Read in the Nansana experiment data (Buntaine et al., 2024)

#waste pile count data:
counts_gpx <- read_csv(here("data", "waste_pile_counts_gpx.csv")) %>% 
    rename("waste_piles" = "total",
           "rain_0_48hrs" = "rf_0_to_48_hours",
           "rain_49_168hrs" = "rf_49_to_168_hours") %>% 
    filter(survey%in%c(
      "post_treatment_1","post_treatment_2","post_treatment_3",
      "post_treatment_4","post_treatment_5"))

#select subset of post-treatment periods (remove time point 5):
post_treat_subset <- counts_gpx %>% 
   filter(survey == "post_treatment_4")

Model 1: Simple OLS estimator

Review of regression: Ordinary Least Squares (OLS)


OLS estimator (specification):

\[waste\ piles =\beta_0 + \beta_1(treat) + \epsilon\]

m1_ols <- lm(
    waste_piles ~ treat,
    data = post_treat_subset)

summ(m1_ols, model.fit = FALSE)
Observations 44
Dependent variable waste_piles
Type OLS linear regression
Est. S.E. t val. p
(Intercept) 77.91 4.16 18.73 0.00
treat -24.77 5.88 -4.21 0.00
Standard errors: OLS

Are we making reasonable assumptions?

Let's take a quick look at our outcome variable `waste piles`!
post_treat_subset %>%
  ggplot(aes(x = waste_piles)) +
  geom_histogram(binwidth = 5, fill = "blue", color = "white", alpha = 0.7) +
  labs(title = "Histogram of Waste Piles",
    x = "Waste Piles (counts)",
    y = "Count") +
    theme_minimal()

Check model assumption: normality of residuals

Make a QQ plot displaying residuals (y-axis) compared to the normal distribution (x-axis)

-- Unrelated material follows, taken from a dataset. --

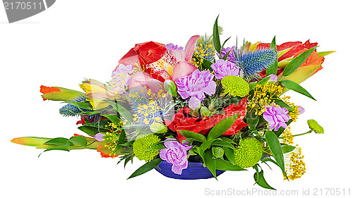 Floral bouquet of orchids, gladioluses and carnation arrangement centerpiece in glass vase isolated on white background.
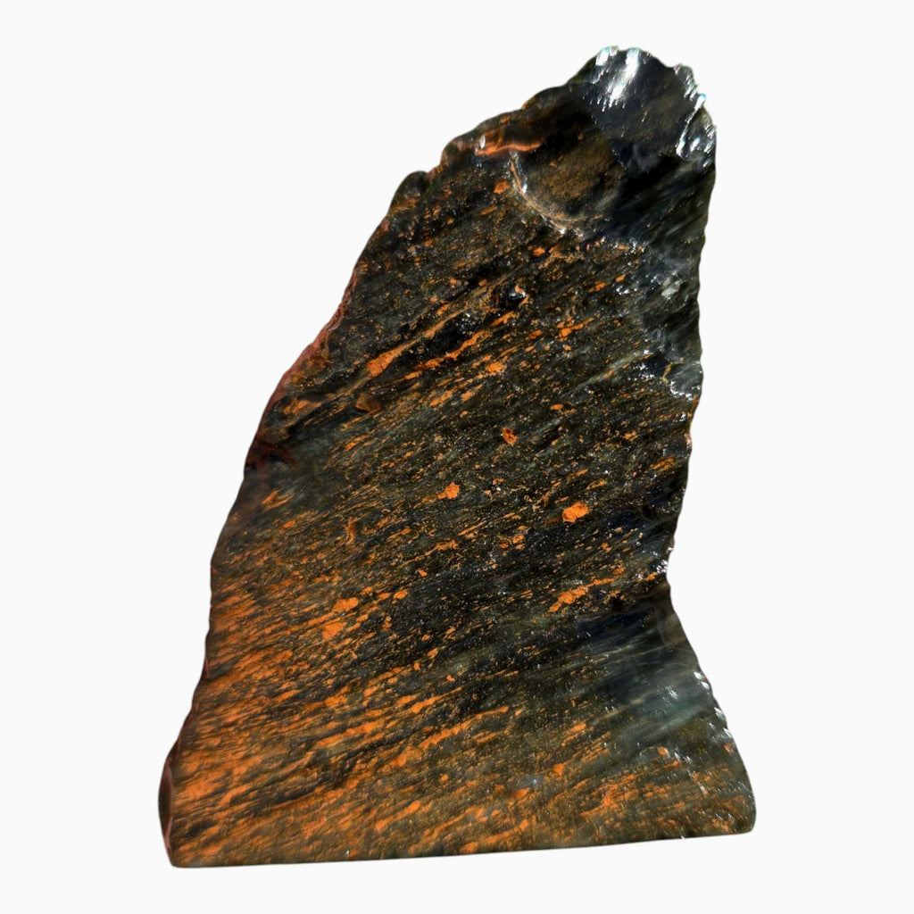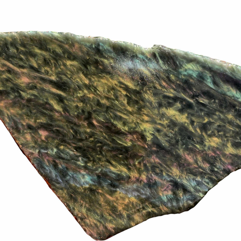 This piece of Mexican Velvet Obsidian features a cut face (unpolished) that reveals beautiful green velvet patterns beneath the surface. Known for its rich magnetite content, Velvet Obsidian displays internal flashes and silky textures that shimmer under the right lighting. The color is light-sensitive—similar to fire opal—requiring bright light and proper angles to reveal its full visual potential.

check_model(m1_ols,  check = "qq" )

Key takeaways:


Relax- time to generalize!


Model 2: Poisson Generalized Linear Regression Model

lambda_hat <- mean(post_treat_subset$waste_piles)

poisson_curve <- tibble(
  x = seq(0, max(post_treat_subset$waste_piles), by = 1),  # Range of x values
  density = dpois(seq(0, max(post_treat_subset$waste_piles), by = 1), 
                  lambda = mean(post_treat_subset$waste_piles)) 
)

ggplot(post_treat_subset, aes(x = waste_piles)) +
  geom_histogram(aes(y = ..density..), binwidth = 5, color = "white", fill = "blue", alpha = 0.7) + 
  geom_line(data = poisson_curve, aes(x = x, y = density), color = "red", size = 1) +  # Poisson curve
  geom_density(color = "green", size = 1, adjust = 1.5) +  # KDE for a smoother curve
  labs(
    title = "Plot of Empirical (Green) v. Theoretical (Red) Distributions",
    x = "Waste Pile Counts",
    y = "Density"
  ) +
  theme_minimal()

Ok, lets try estimating a Poisson model using glm()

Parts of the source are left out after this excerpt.